Dataset section:
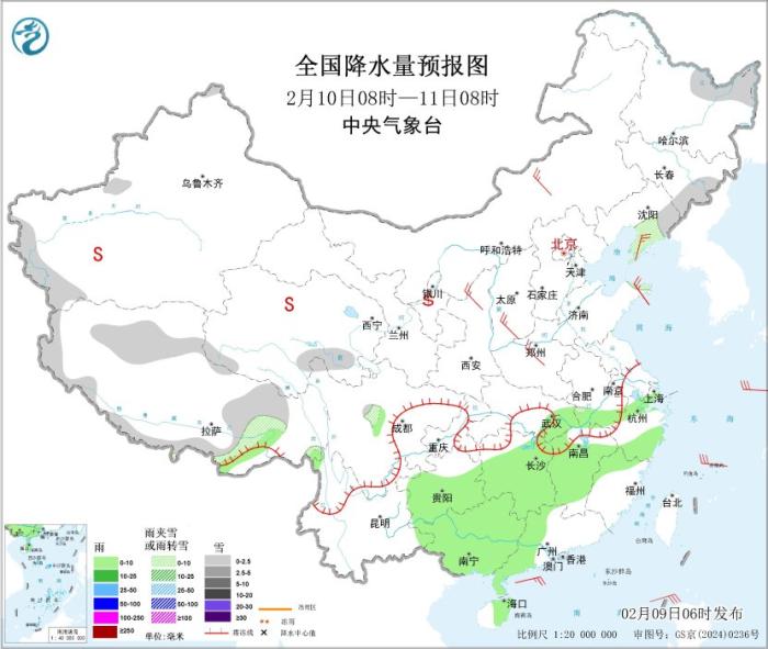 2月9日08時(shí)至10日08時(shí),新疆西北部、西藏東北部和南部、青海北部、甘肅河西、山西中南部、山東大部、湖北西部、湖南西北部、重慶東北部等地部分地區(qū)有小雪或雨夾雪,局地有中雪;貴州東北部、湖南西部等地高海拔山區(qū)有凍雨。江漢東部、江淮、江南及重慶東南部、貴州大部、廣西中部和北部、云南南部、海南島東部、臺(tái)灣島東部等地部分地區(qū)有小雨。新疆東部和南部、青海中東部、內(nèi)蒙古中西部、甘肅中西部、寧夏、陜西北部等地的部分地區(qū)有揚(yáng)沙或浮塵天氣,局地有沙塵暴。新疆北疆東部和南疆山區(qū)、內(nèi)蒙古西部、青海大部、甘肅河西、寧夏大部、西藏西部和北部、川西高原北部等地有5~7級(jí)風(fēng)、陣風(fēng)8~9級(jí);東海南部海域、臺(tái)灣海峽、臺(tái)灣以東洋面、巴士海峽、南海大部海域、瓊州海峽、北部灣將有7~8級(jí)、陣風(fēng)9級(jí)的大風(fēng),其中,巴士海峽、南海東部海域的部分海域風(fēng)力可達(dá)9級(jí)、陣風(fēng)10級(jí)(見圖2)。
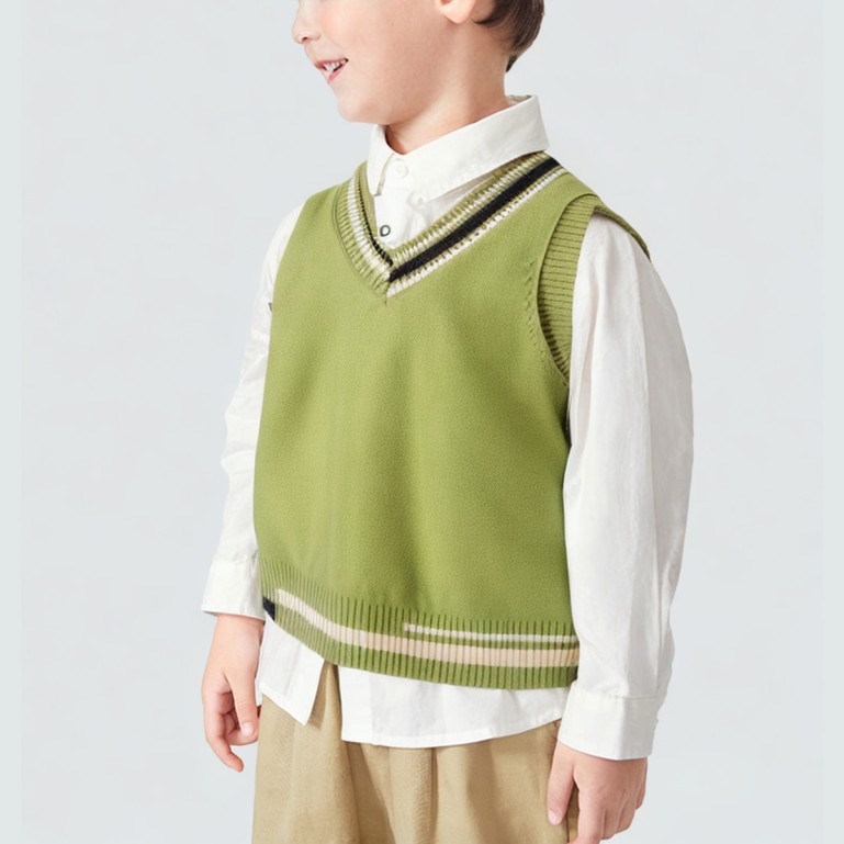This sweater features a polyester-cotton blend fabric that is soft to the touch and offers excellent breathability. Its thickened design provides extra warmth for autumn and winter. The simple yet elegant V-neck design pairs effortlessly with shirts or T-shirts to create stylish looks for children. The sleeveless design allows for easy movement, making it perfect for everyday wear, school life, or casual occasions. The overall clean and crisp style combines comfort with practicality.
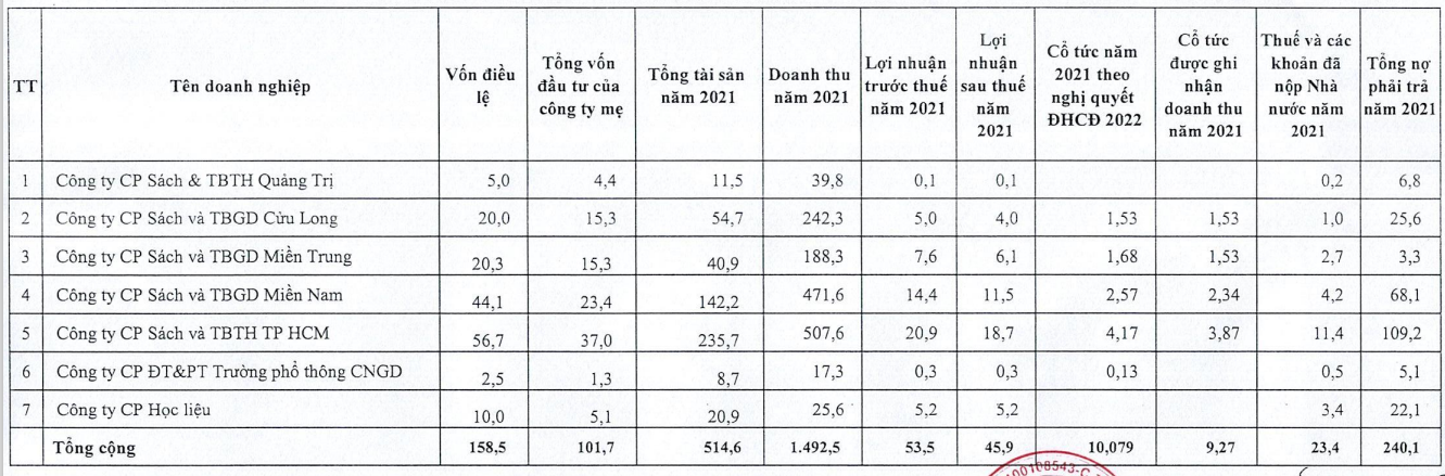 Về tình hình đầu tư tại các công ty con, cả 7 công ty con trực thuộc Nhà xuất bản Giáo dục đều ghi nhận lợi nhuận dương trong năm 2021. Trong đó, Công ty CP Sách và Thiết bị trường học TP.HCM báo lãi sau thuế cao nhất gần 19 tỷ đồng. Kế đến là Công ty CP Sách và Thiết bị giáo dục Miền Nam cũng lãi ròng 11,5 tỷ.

Exercise: Produce an exact copy of every line above, with the images left out.

Written solution:
 2月9日08時(shí)至10日08時(shí),新疆西北部、西藏東北部和南部、青海北部、甘肅河西、山西中南部、山東大部、湖北西部、湖南西北部、重慶東北部等地部分地區(qū)有小雪或雨夾雪,局地有中雪;貴州東北部、湖南西部等地高海拔山區(qū)有凍雨。江漢東部、江淮、江南及重慶東南部、貴州大部、廣西中部和北部、云南南部、海南島東部、臺(tái)灣島東部等地部分地區(qū)有小雨。新疆東部和南部、青海中東部、內(nèi)蒙古中西部、甘肅中西部、寧夏、陜西北部等地的部分地區(qū)有揚(yáng)沙或浮塵天氣,局地有沙塵暴。新疆北疆東部和南疆山區(qū)、內(nèi)蒙古西部、青海大部、甘肅河西、寧夏大部、西藏西部和北部、川西高原北部等地有5~7級(jí)風(fēng)、陣風(fēng)8~9級(jí);東海南部海域、臺(tái)灣海峽、臺(tái)灣以東洋面、巴士海峽、南海大部海域、瓊州海峽、北部灣將有7~8級(jí)、陣風(fēng)9級(jí)的大風(fēng),其中,巴士海峽、南海東部海域的部分海域風(fēng)力可達(dá)9級(jí)、陣風(fēng)10級(jí)(見圖2)。
This sweater features a polyester-cotton blend fabric that is soft to the touch and offers excellent breathability. Its thickened design provides extra warmth for autumn and winter. The simple yet elegant V-neck design pairs effortlessly with shirts or T-shirts to create stylish looks for children. The sleeveless design allows for easy movement, making it perfect for everyday wear, school life, or casual occasions. The overall clean and crisp style combines comfort with practicality.
 Về tình hình đầu tư tại các công ty con, cả 7 công ty con trực thuộc Nhà xuất bản Giáo dục đều ghi nhận lợi nhuận dương trong năm 2021. Trong đó, Công ty CP Sách và Thiết bị trường học TP.HCM báo lãi sau thuế cao nhất gần 19 tỷ đồng. Kế đến là Công ty CP Sách và Thiết bị giáo dục Miền Nam cũng lãi ròng 11,5 tỷ.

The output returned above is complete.